(What to do)
Images are not part of the copy; transcribe all the data exactly.

-------- Dataset section

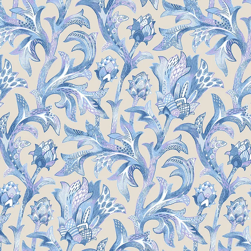 - Уникальный дизайн: Рисунок "Вензель" в сочетании с голубыми, синими и серыми оттенками создаёт атмосферу роскоши и утончённого стиля.
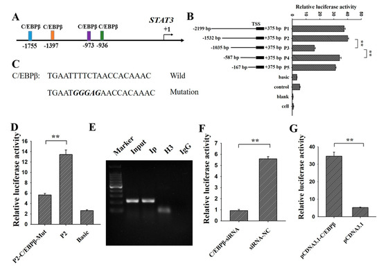 C/EBPβ binding at −1397/−1387 region of STAT3. (A) Predictions of potential C/EBPβ binding sites at the promoter of STAT3; (B) relative luciferase activity of STAT3 promoter after the 5′ deletion of the potential C/EBPβ binding sites; (C) mutation of the potential C/EBPβ binding site (−1397/−1387); (D) relative luciferase activity of P2 after the mutation of −1397/−1387; (E) further confirmation of C/EBPβ binding at −1397/−1387 by ChIP. DNA Marker was 100 bp. Relative luciferase activity of P2 after the knockdown and over-expression of C/EBPβ by C/EBPβ-siRNA (F) and pcDNA3.1-C/EBPβ (G), respectively. ** indicates p < 0.01; * indicates p < 0.05. Data were represented as means ± SD.
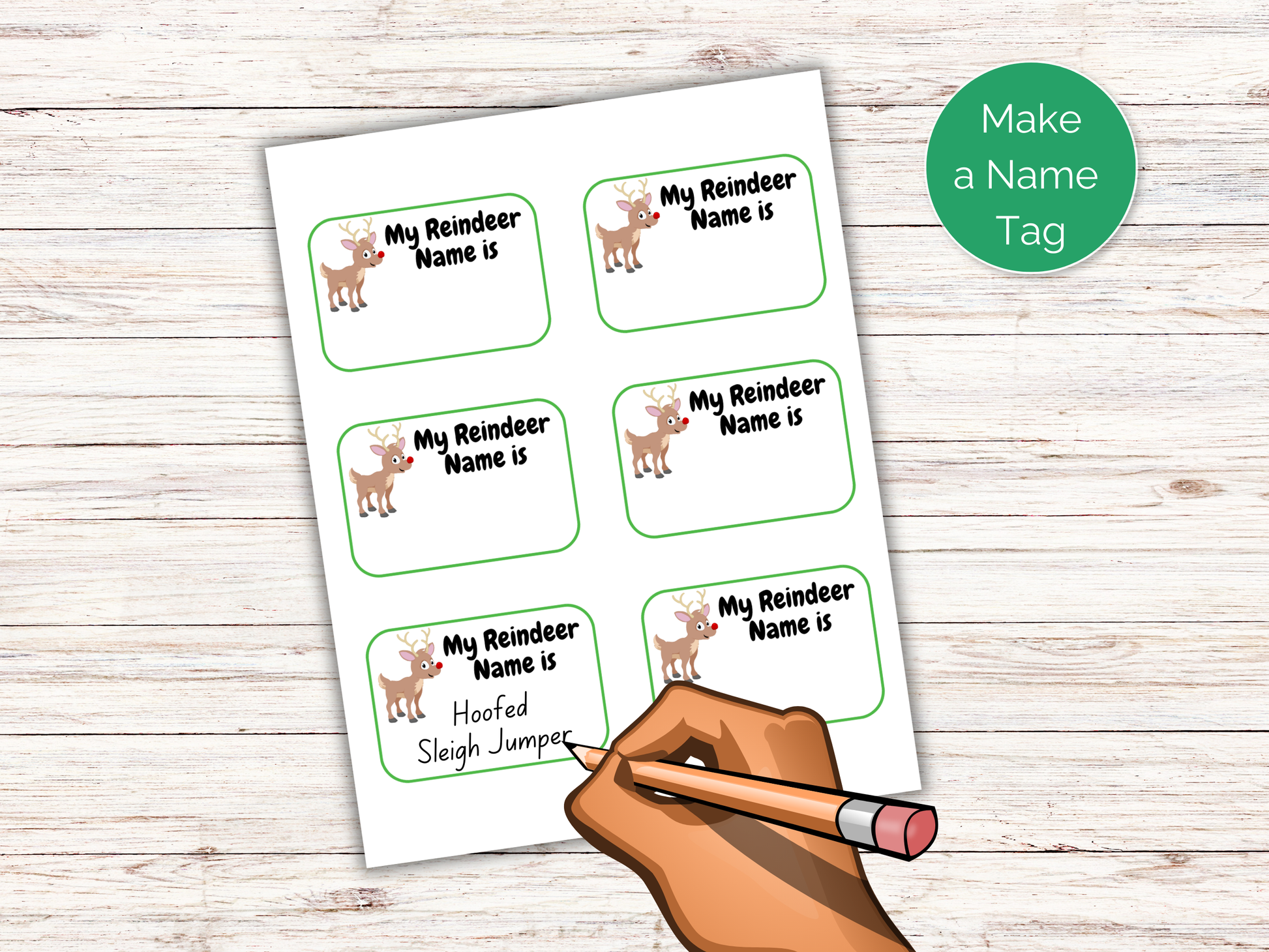 Reindeer Name Tags - Print on sticker paper, write your name, and cut the name tags out.

----------------

(Exercise output)
 - Уникальный дизайн: Рисунок "Вензель" в сочетании с голубыми, синими и серыми оттенками создаёт атмосферу роскоши и утончённого стиля.
 C/EBPβ binding at −1397/−1387 region of STAT3. (A) Predictions of potential C/EBPβ binding sites at the promoter of STAT3; (B) relative luciferase activity of STAT3 promoter after the 5′ deletion of the potential C/EBPβ binding sites; (C) mutation of the potential C/EBPβ binding site (−1397/−1387); (D) relative luciferase activity of P2 after the mutation of −1397/−1387; (E) further confirmation of C/EBPβ binding at −1397/−1387 by ChIP. DNA Marker was 100 bp. Relative luciferase activity of P2 after the knockdown and over-expression of C/EBPβ by C/EBPβ-siRNA (F) and pcDNA3.1-C/EBPβ (G), respectively. ** indicates p < 0.01; * indicates p < 0.05. Data were represented as means ± SD.
 Reindeer Name Tags - Print on sticker paper, write your name, and cut the name tags out.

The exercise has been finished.